Using the records below, copy exactly the part that opens with the line holding "In 1829, Hendrik" and closes with the line holding "Sweetheart Folk Stripe", minus the pictures.

▸ **INFORMATION**
%%

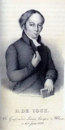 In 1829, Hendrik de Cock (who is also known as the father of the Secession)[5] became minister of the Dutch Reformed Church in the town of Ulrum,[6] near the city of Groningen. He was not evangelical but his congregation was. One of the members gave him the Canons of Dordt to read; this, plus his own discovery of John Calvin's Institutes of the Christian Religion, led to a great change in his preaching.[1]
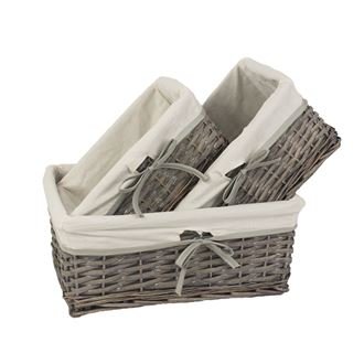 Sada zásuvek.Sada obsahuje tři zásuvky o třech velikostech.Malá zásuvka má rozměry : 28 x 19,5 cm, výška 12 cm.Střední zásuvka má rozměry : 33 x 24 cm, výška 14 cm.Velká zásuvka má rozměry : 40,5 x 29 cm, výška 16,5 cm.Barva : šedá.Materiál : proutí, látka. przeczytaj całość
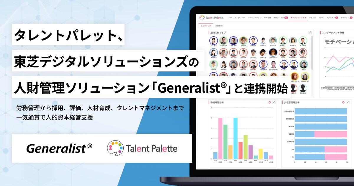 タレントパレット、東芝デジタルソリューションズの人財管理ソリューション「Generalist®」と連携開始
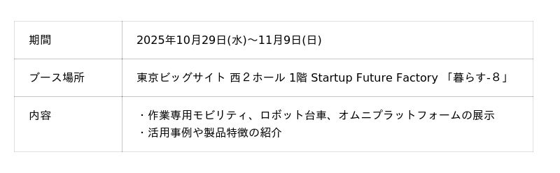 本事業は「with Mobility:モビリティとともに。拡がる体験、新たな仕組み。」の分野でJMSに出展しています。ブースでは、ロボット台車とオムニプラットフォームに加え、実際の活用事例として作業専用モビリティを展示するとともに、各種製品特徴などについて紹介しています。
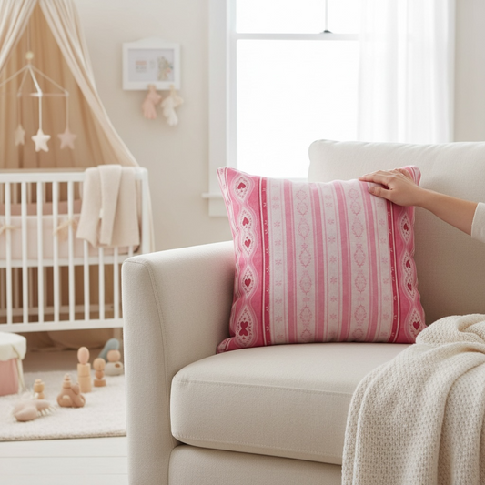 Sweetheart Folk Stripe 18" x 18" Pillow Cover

%%
%%

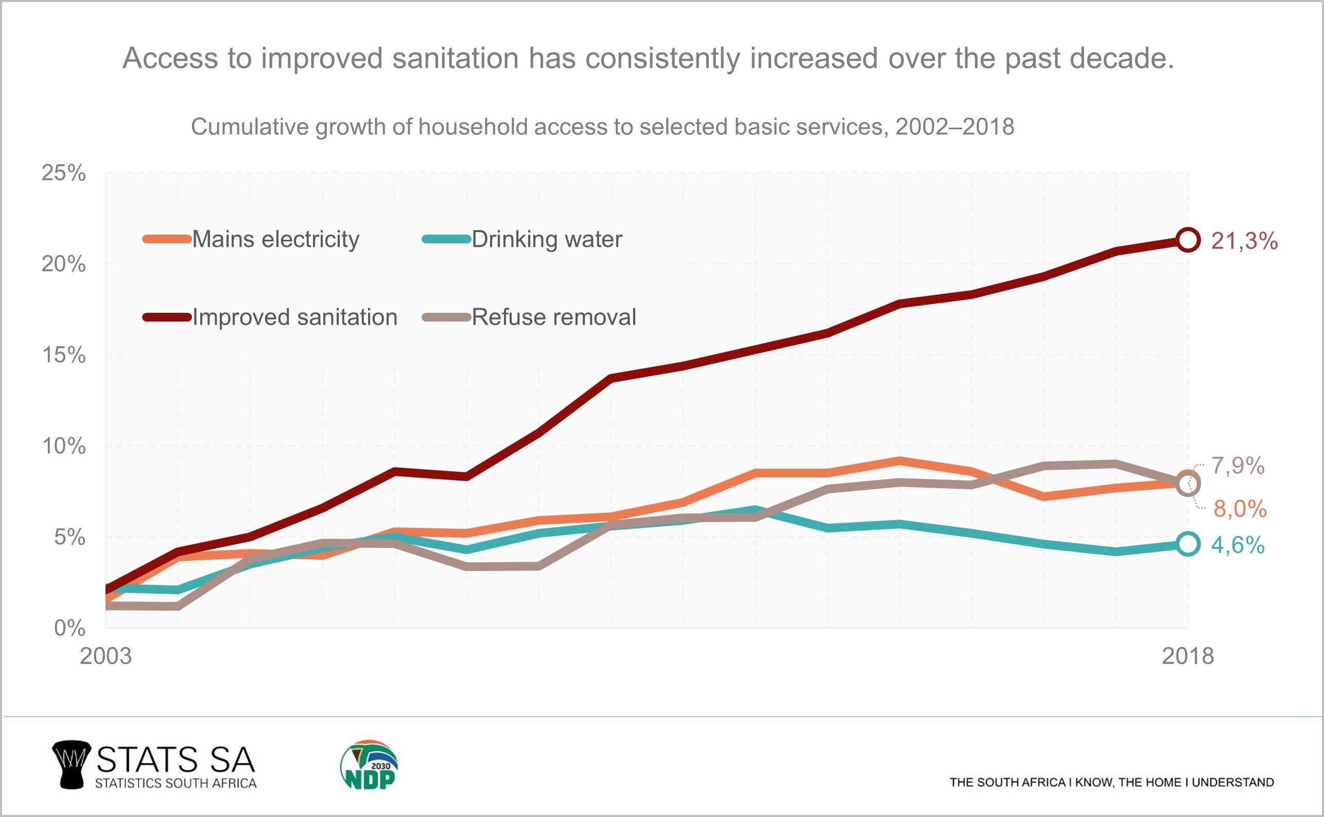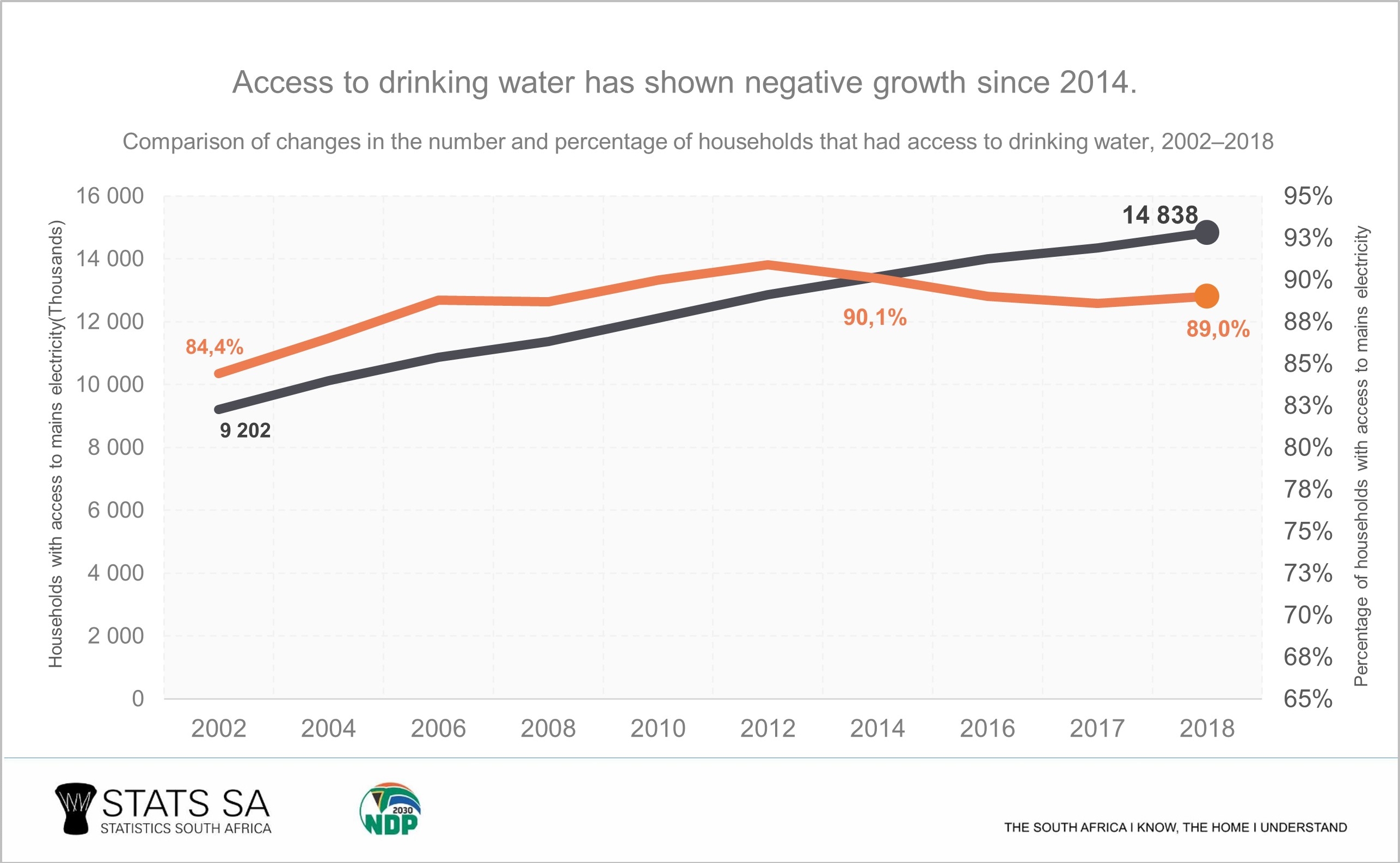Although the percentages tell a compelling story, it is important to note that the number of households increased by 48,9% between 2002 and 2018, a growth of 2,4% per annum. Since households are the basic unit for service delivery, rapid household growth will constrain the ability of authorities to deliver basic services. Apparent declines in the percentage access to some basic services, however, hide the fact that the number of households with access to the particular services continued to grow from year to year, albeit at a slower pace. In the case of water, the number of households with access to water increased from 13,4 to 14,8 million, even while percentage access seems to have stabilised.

%%

▸ **WRITTEN RESPONSE**
 In 1829, Hendrik de Cock (who is also known as the father of the Secession)[5] became minister of the Dutch Reformed Church in the town of Ulrum,[6] near the city of Groningen. He was not evangelical but his congregation was. One of the members gave him the Canons of Dordt to read; this, plus his own discovery of John Calvin's Institutes of the Christian Religion, led to a great change in his preaching.[1]
 Sada zásuvek.Sada obsahuje tři zásuvky o třech velikostech.Malá zásuvka má rozměry : 28 x 19,5 cm, výška 12 cm.Střední zásuvka má rozměry : 33 x 24 cm, výška 14 cm.Velká zásuvka má rozměry : 40,5 x 29 cm, výška 16,5 cm.Barva : šedá.Materiál : proutí, látka. przeczytaj całość
 タレントパレット、東芝デジタルソリューションズの人財管理ソリューション「Generalist®」と連携開始
 本事業は「with Mobility:モビリティとともに。拡がる体験、新たな仕組み。」の分野でJMSに出展しています。ブースでは、ロボット台車とオムニプラットフォームに加え、実際の活用事例として作業専用モビリティを展示するとともに、各種製品特徴などについて紹介しています。
 Sweetheart Folk Stripe 18" x 18" Pillow Cover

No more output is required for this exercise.